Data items
__________

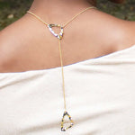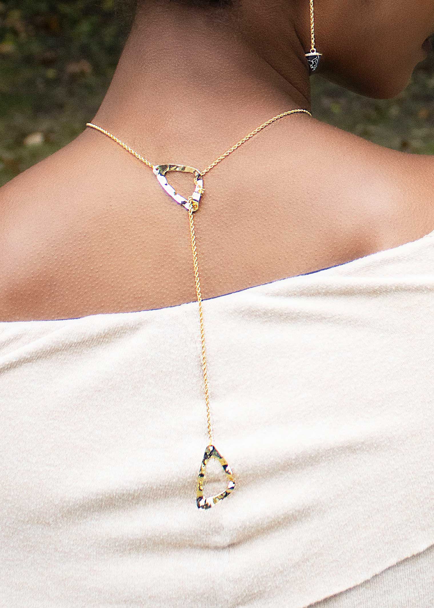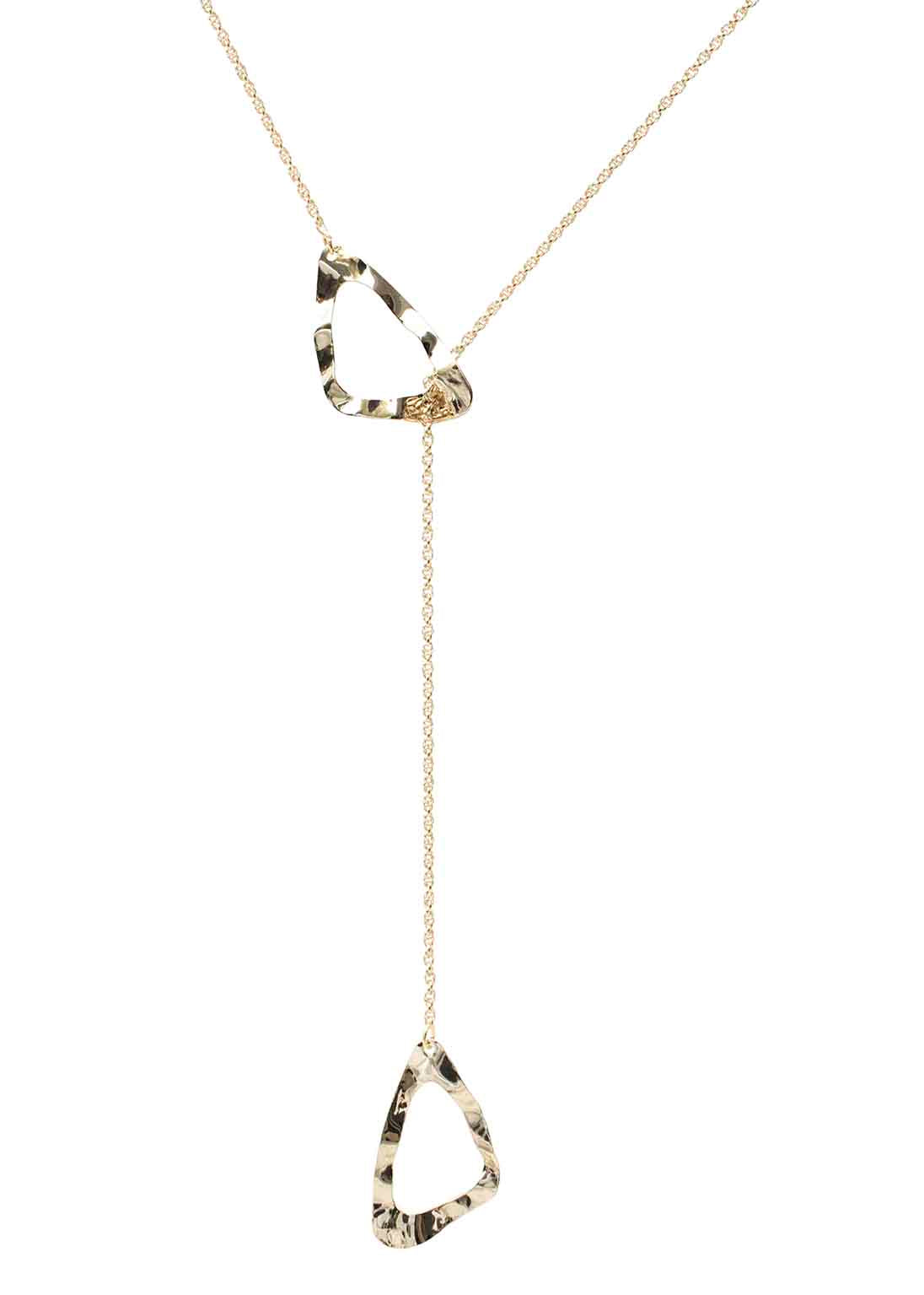 Add an element of fun to your wardrobe with the fashionable JENNIFER hammered metal lariat necklace. This modern necklace is made with a nickel-free metal delicate chain that is attached to a double triangular hammer metal design. Since this is a lariat style necklace, you can adjust the length of the necklace to whatever best fits your outfit. This beautiful accessory is available in a bright silver metal or a trendy gold metal that slips around the neck. It measure to approximately 22.5 inches in length.
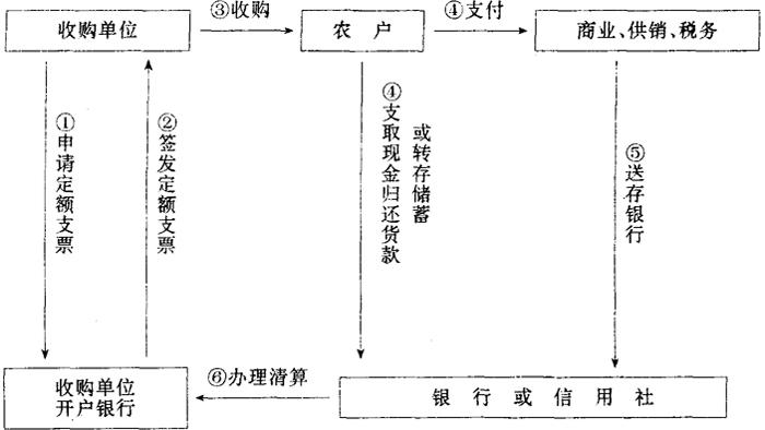 定额支票是收购单位将款项交存银行,由银行交其用于向农户支付收购农副产品款项的票据。定额支票不记名,不挂失。收购单位在结算农副产品价款时,是支付现金,还是使用定额支票,由农户自由选择。 农户可凭定额支票向银行或信用社兑付现金,归还贷款,转存储蓄,还可用于交纳农业税、支付承包金和向当地商业、供销部门一次购买商品,超过规定有效期的,银行自签发日按照定活两便储蓄利率计息。定额支票使用方便,既可减少农户清点、携带现金之不便,又可减少收购旺季对现金需求的压力,节约现金使用。 定额支票处理程序如下:
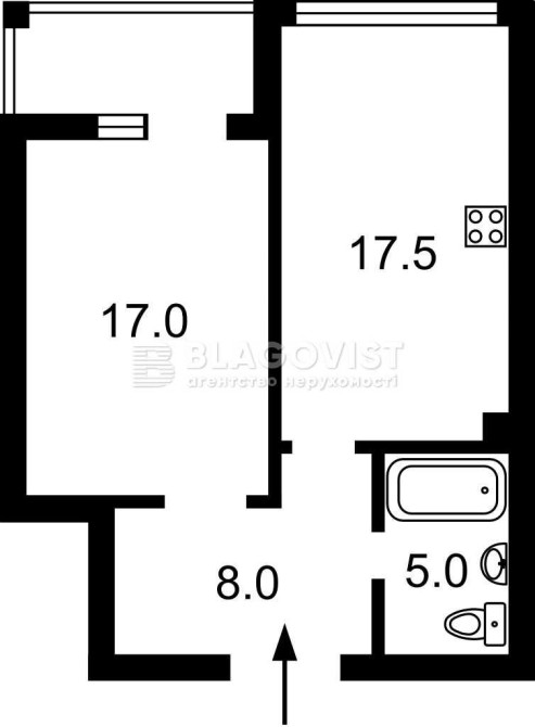 • Площа кухні 17.5 м2
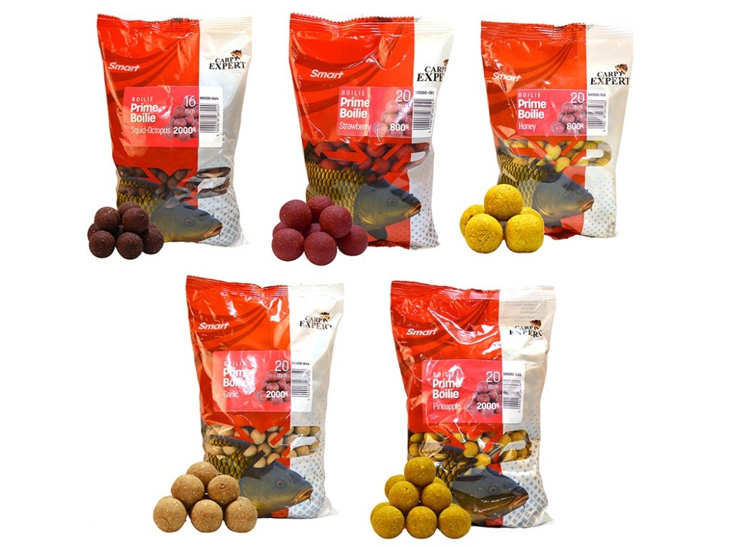 Boilies CARP EXPERT SMART PRIME BOILIE jsou dostupné v průměru 16 mm a 20 mm, v balení 2000 g. Jsou určeny do situací, kde je důležitá všestrannost a stabilní výkon. Průměr 20 a16 mm je velmi vhodný pro zakrmování, samostatně nebo v kombinaci s krmnou směsí, partiklmi a magmixy, při vnášení ve formě koulí i při přesném zakrmování pomocí rakety nebo spombu.
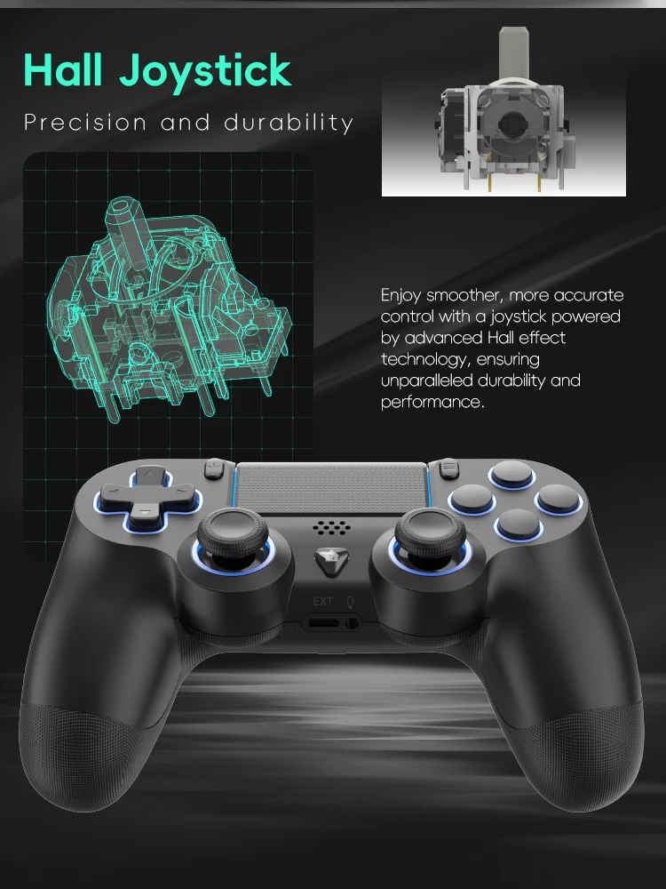 Joystick de efecto Hall para mayor precisión: disfrute de un control más suave y preciso con un joystick alimentado por tecnología avanzada de efecto Hall, lo que garantiza una durabilidad y un rendimiento incomparables.
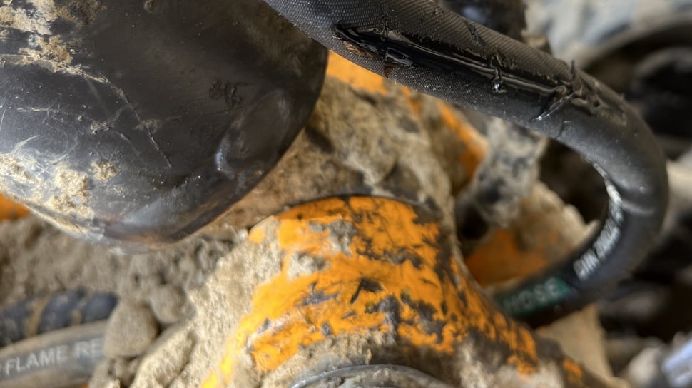 - Kerusakan terjadi pada selang hidrolik ekskavator yang digunakan untuk pembersihan pascabanjir dan longsor di lokasi tersebut.
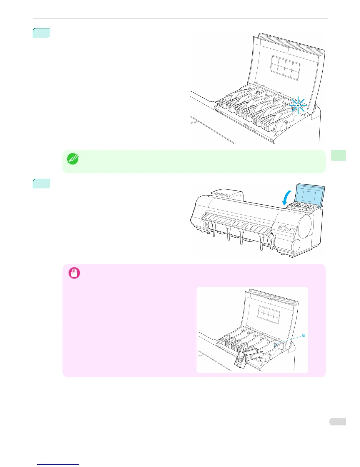 • After Ink Tank replacement, always close the Ink Tank Cover. If the Ink Tank Cover cannot close, some Ink
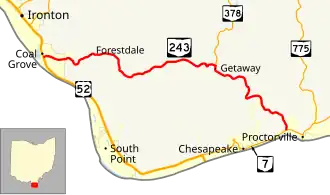 State Route 243 (SR 243) is an east–west state highway in the southern portion of the U.S. state of Ohio. The western terminus of SR 243 is at a diamond interchange with the U.S. Route 52 (US 52) in Coal Grove. The eastern terminus of the state highway is at its signalized junction with State Route 7 approximately 1.25 miles (2.01 km) west of Proctorville near the northern banks of the Ohio River.
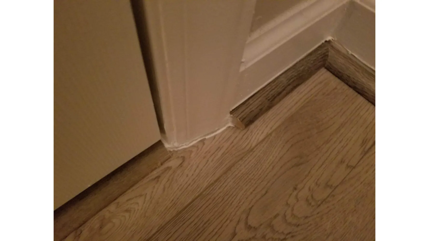 Flooring was not completed. Trim was left off and blue padding is showing all over the place.
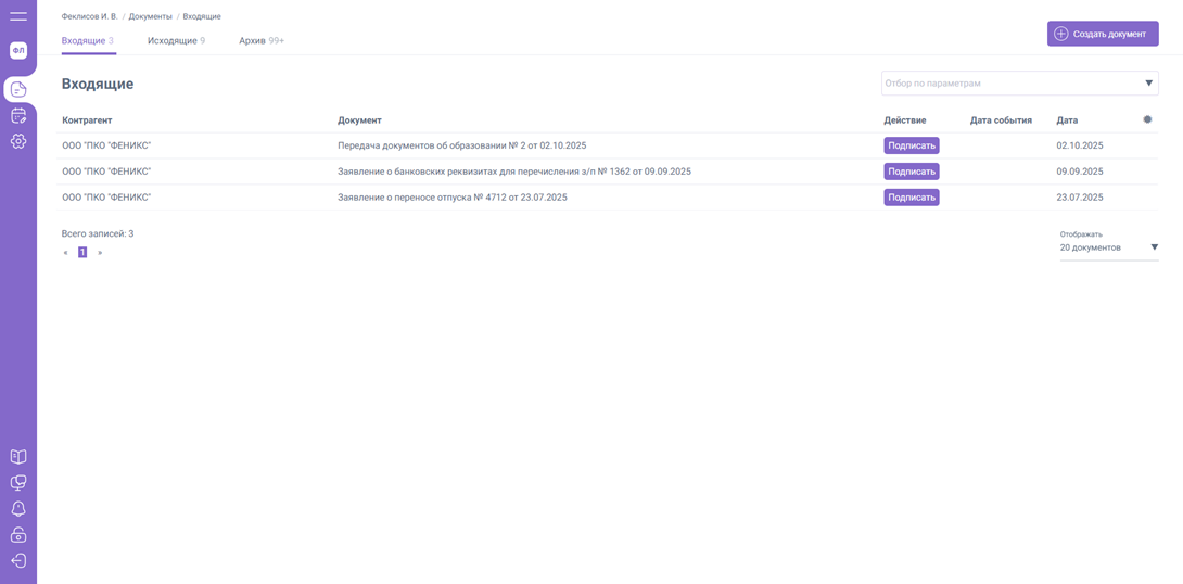 1. «Входящие» – содержит список документов, которые требуют действий с вашей стороны (подписание / ознакомление)
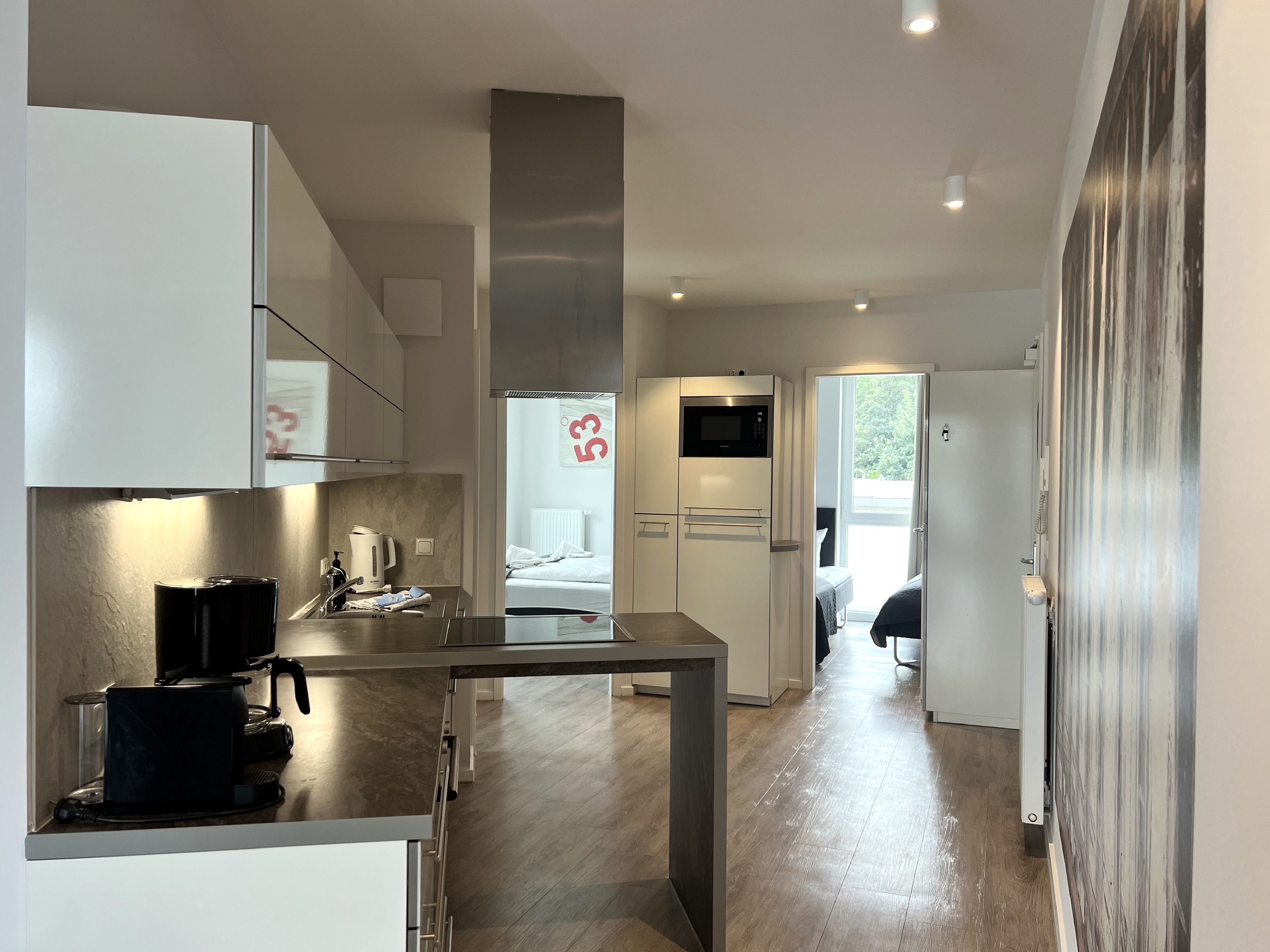 Die Wohnung ist stilvoll, hochwertig und modern eingerichtet. Ein besonderes Highlight ist ihr persönlicher Wellnessbereich mit Sauna, Whirlpool und Dampfbad mit integrierter Doppel-

__________

**Task**. Pictures don't belong in the copy. Transcribe every record exactly as it appears.

**Output of the task**.
 Add an element of fun to your wardrobe with the fashionable JENNIFER hammered metal lariat necklace. This modern necklace is made with a nickel-free metal delicate chain that is attached to a double triangular hammer metal design. Since this is a lariat style necklace, you can adjust the length of the necklace to whatever best fits your outfit. This beautiful accessory is available in a bright silver metal or a trendy gold metal that slips around the neck. It measure to approximately 22.5 inches in length.
 定额支票是收购单位将款项交存银行,由银行交其用于向农户支付收购农副产品款项的票据。定额支票不记名,不挂失。收购单位在结算农副产品价款时,是支付现金,还是使用定额支票,由农户自由选择。 农户可凭定额支票向银行或信用社兑付现金,归还贷款,转存储蓄,还可用于交纳农业税、支付承包金和向当地商业、供销部门一次购买商品,超过规定有效期的,银行自签发日按照定活两便储蓄利率计息。定额支票使用方便,既可减少农户清点、携带现金之不便,又可减少收购旺季对现金需求的压力,节约现金使用。 定额支票处理程序如下:
 • Площа кухні 17.5 м2
 Boilies CARP EXPERT SMART PRIME BOILIE jsou dostupné v průměru 16 mm a 20 mm, v balení 2000 g. Jsou určeny do situací, kde je důležitá všestrannost a stabilní výkon. Průměr 20 a16 mm je velmi vhodný pro zakrmování, samostatně nebo v kombinaci s krmnou směsí, partiklmi a magmixy, při vnášení ve formě koulí i při přesném zakrmování pomocí rakety nebo spombu.
 Joystick de efecto Hall para mayor precisión: disfrute de un control más suave y preciso con un joystick alimentado por tecnología avanzada de efecto Hall, lo que garantiza una durabilidad y un rendimiento incomparables.
 - Kerusakan terjadi pada selang hidrolik ekskavator yang digunakan untuk pembersihan pascabanjir dan longsor di lokasi tersebut.
 • After Ink Tank replacement, always close the Ink Tank Cover. If the Ink Tank Cover cannot close, some Ink
 State Route 243 (SR 243) is an east–west state highway in the southern portion of the U.S. state of Ohio. The western terminus of SR 243 is at a diamond interchange with the U.S. Route 52 (US 52) in Coal Grove. The eastern terminus of the state highway is at its signalized junction with State Route 7 approximately 1.25 miles (2.01 km) west of Proctorville near the northern banks of the Ohio River.
 Flooring was not completed. Trim was left off and blue padding is showing all over the place.
 1. «Входящие» – содержит список документов, которые требуют действий с вашей стороны (подписание / ознакомление)
 Die Wohnung ist stilvoll, hochwertig und modern eingerichtet. Ein besonderes Highlight ist ihr persönlicher Wellnessbereich mit Sauna, Whirlpool und Dampfbad mit integrierter Doppel-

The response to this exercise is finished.